# NH Boomer TC35DA comments



## aljolson (Jul 22, 2004)

I'm looking at a new TC35DA Hydrostatic 4WD Boomer with 16LA front loader. It is not supersteer.I'll be using it for mowing 5 acres, bush-hog up to 5-10 acres and light duty loader work, grading when building new house. Price was only $600 more than TC33DA but jumped up to much larger framed tractor with -35. Anyone with any experience or problems with either of these tractors? Does the supersteer make a big difference. Do NH tractors require only NH implements like the old Fords, or will any other quality bush-hogs, blades work on the 3-pt? I also would like to add a back-hoe someday. I want to keep this till the wheels fall off. Also looked at a JD 4410 Hydro. Any comments? Thank you.


----------



## Ernie (Mar 18, 2004)

I don't see a problem with either the NH or the Deere. The best thing you can do is to test each machine and see which one you like the best. I have sampled the boomer class and find it to be all tractor, the new Deeres are also good investments... By trying them out you will find the tractor that suits you, and as far as reliability of the NH, they are on par with anytrhing in its class... Of course if you listen to owners of other equipment you will hear the This ones better than that one stories.. Get what you want and you will be better served by it.


----------



## Live Oak (Dec 22, 2003)

I replied to your post earlier this week but with all of the data base problems I guess it got lost in the fix. 

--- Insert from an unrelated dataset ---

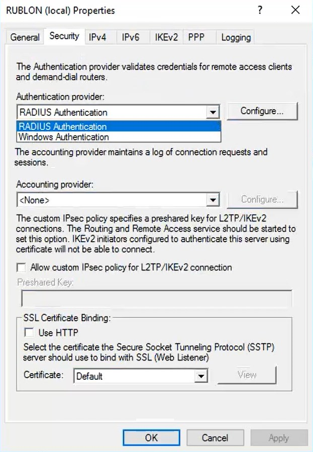 3. Go to the Security tab and locate Authentication provider. Select RADIUS Authentication from the drop-down list.
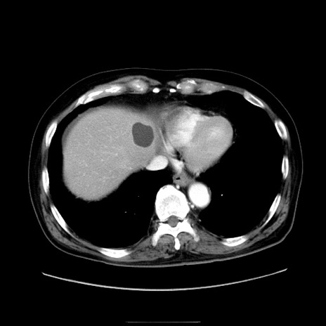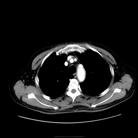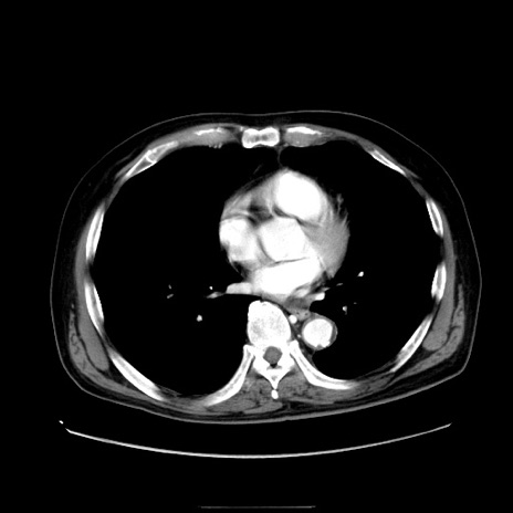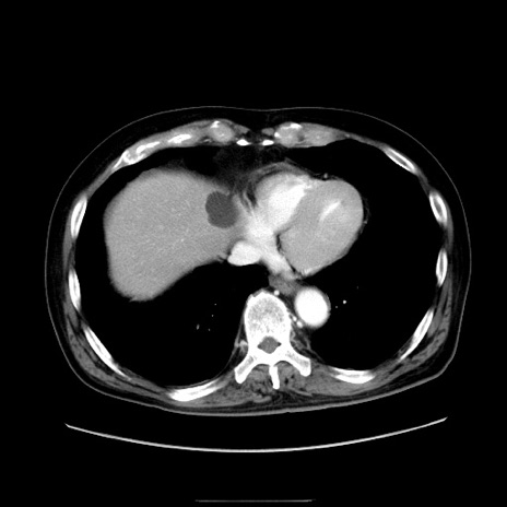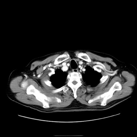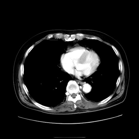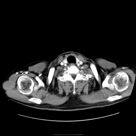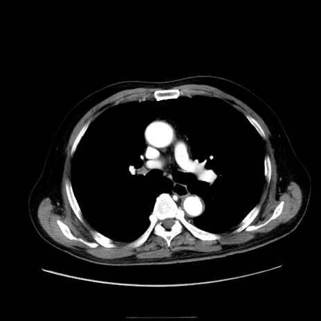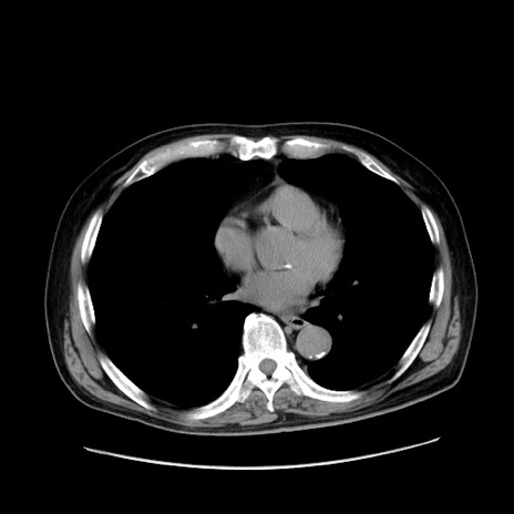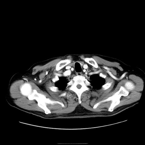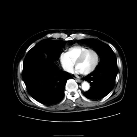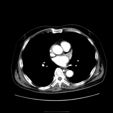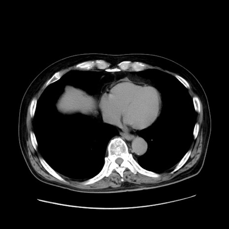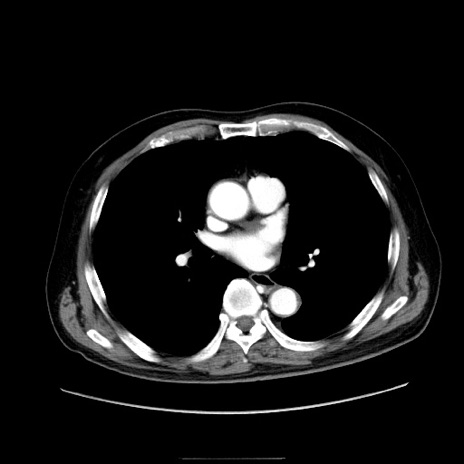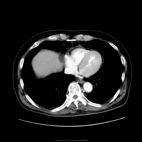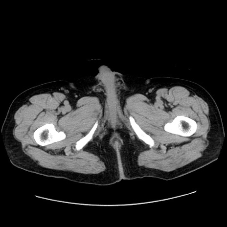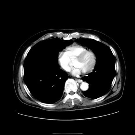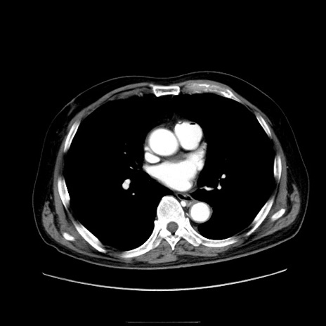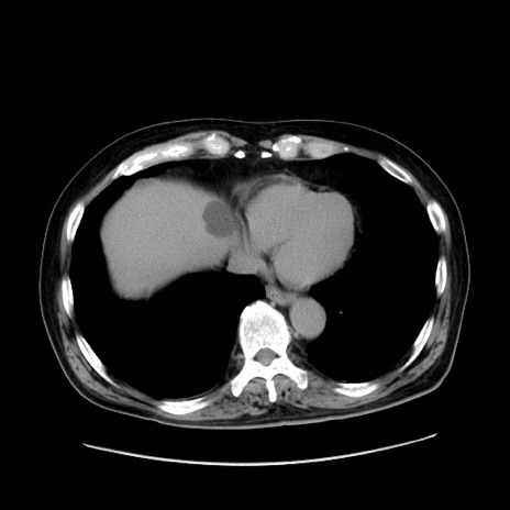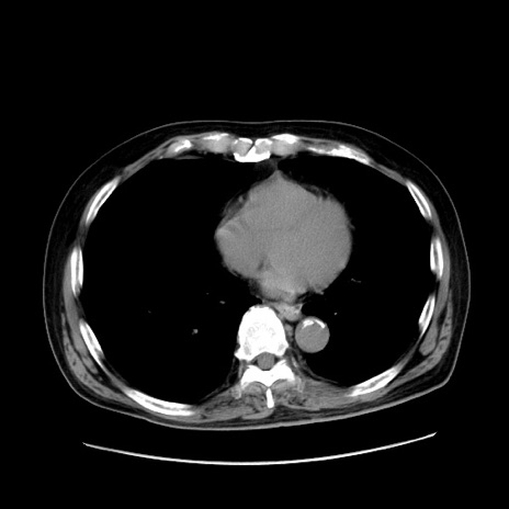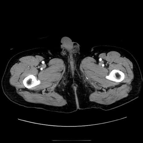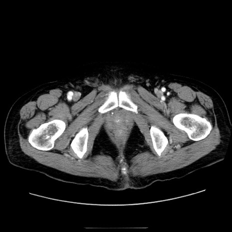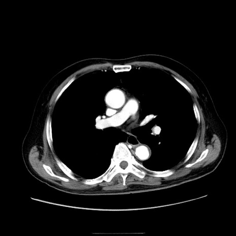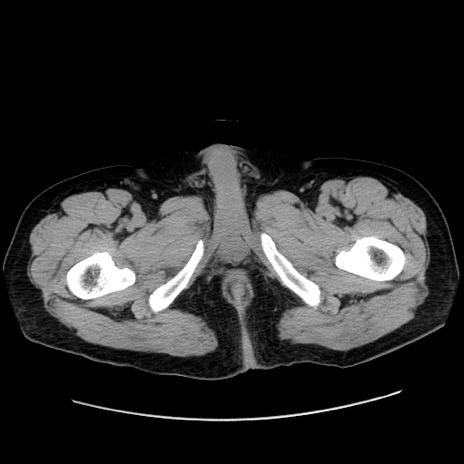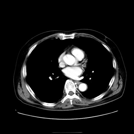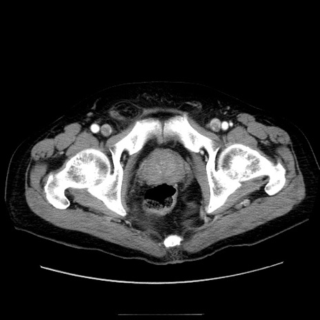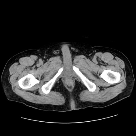 【症例】80歳代男性 【主訴】臍周囲痛 【現病歴】約6時間前から臍下部痛が出現。次第に腹部膨隆・背部痛も生じてきたため来院。背部痛の場所は変化しない。 【既往歴】腎盂腎炎 【身体所見】意識清明、BT 36.3℃、BP 131/87mmHg、P 87bpm、SpO2 100%(RA)、臍周囲自発痛・圧痛あり、反跳痛なし、自発痛部位に一致して板状硬あり、腹部膨隆、腸雑音減弱、CVA tenderness両側陰性。 【データ】WBC 19600、CRP 0.33

Here is a link to my reply


----------



## Live Oak (Dec 22, 2003)

Here is a cut and paste so you can continue the thread from here.


aljolson, welcome to Tractor Forum! :friends: :cheers: Both machines are good tractors to my knowledge. My preference is for the 4410 due to better egonomics and better sytem features. In the end, I think the dealer who you purchase from and will be servicing the machine and supporting it AND you will be the deciding factor. I suggest extensively demo'ing both machines & buy the one that suits you best as well as getting a GOOD feel for how you percieve the dealer will treat you and your new machine down the road AFTER the sale. I will comment more when all of the database bugs are fixed.


----------